• _DESCRIPTION OF THE TASK_:
Could you print exactly the lines from the one that contains "8月19日,由教育部高等教育" to the end of the data, both ends included, and nothing else? Skip the pictures.

• _PROVIDED DATA_:
►
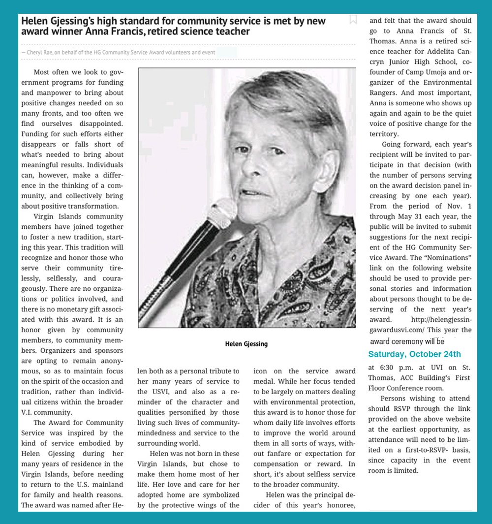 Virgin Islands community members have joined together to foster a new tradition, starting this year. This tradition will recognize and honor those who serve their community tirelessly selflessly, and courageously. Cherly Rae, on behalf of the HG Community Service Award volunteers and event
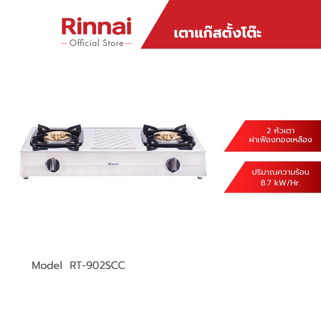 Rinnai เตาแก๊สตั้งโต๊ะ 2 หัว รุ่น RT-902SCC โครงสร้างสเตนเลสทั้งตัว รับประกันวาล์วแก๊ส 5 ปี
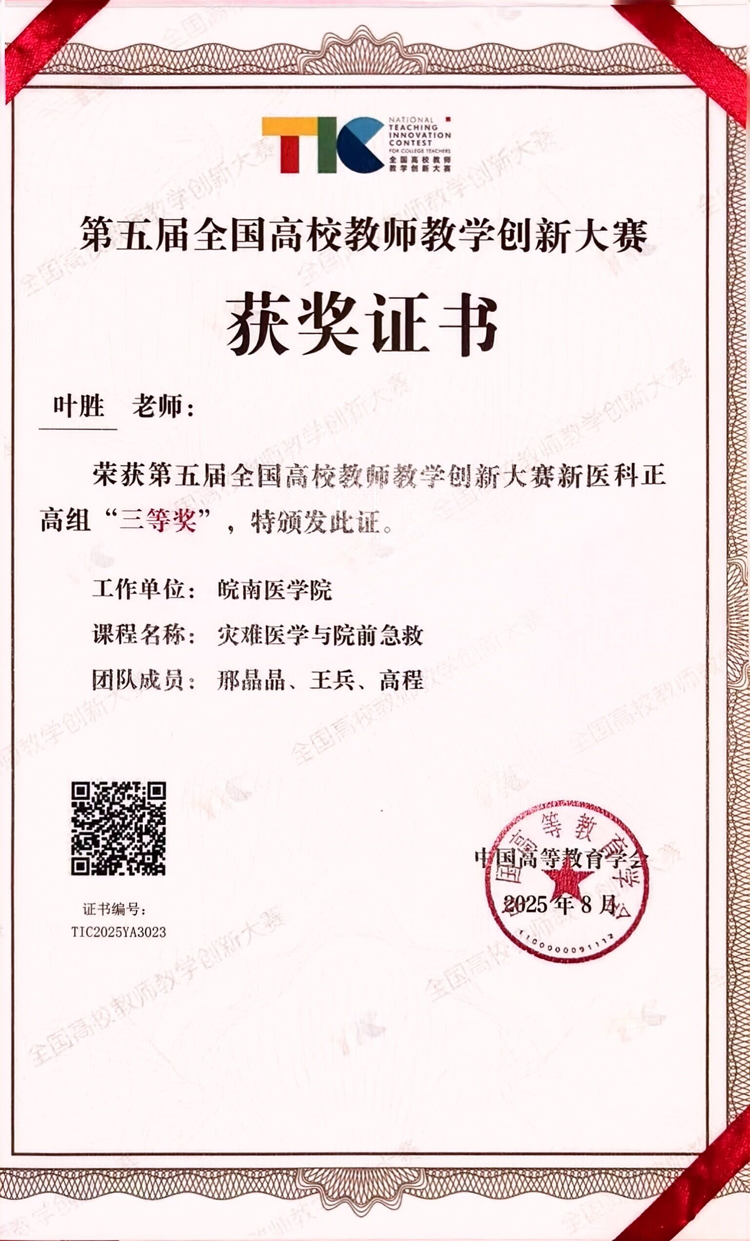 8月19日,由教育部高等教育司指导、中国高等教育学会主办的第五届全国高校教师教学创新大赛全国赛在北京圆满落幕,副院长余结根带队参赛。我校二附院叶胜老师团队凭借《灾难医学与院前急救》课程的教学创新成果,荣获新医科正高组三等奖,实现我校在该项国家级赛事中零的突破。
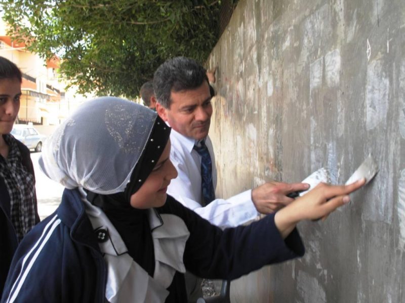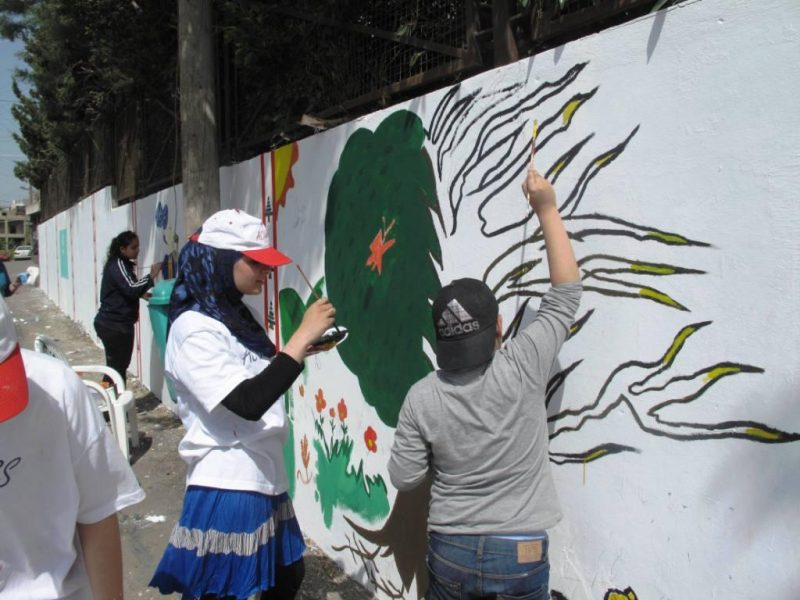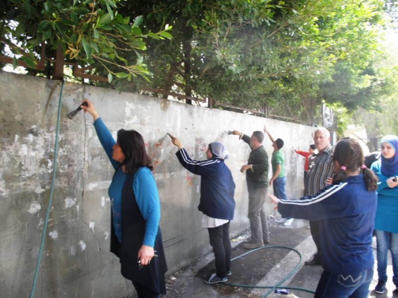 HOPE ” ) Help ” our people evolve ) قام قسم من طلاب الصف الثاني ثانوي في ثانوية برجا الرسمية برسم جدرانيات على سور الثانوية الخارجي , تحت إشراف مباشر من المربية السيدة سعدية رمضان .
◄
• _ANSWER TO THE PROBLEM_:
 8月19日,由教育部高等教育司指导、中国高等教育学会主办的第五届全国高校教师教学创新大赛全国赛在北京圆满落幕,副院长余结根带队参赛。我校二附院叶胜老师团队凭借《灾难医学与院前急救》课程的教学创新成果,荣获新医科正高组三等奖,实现我校在该项国家级赛事中零的突破。
 HOPE ” ) Help ” our people evolve ) قام قسم من طلاب الصف الثاني ثانوي في ثانوية برجا الرسمية برسم جدرانيات على سور الثانوية الخارجي , تحت إشراف مباشر من المربية السيدة سعدية رمضان .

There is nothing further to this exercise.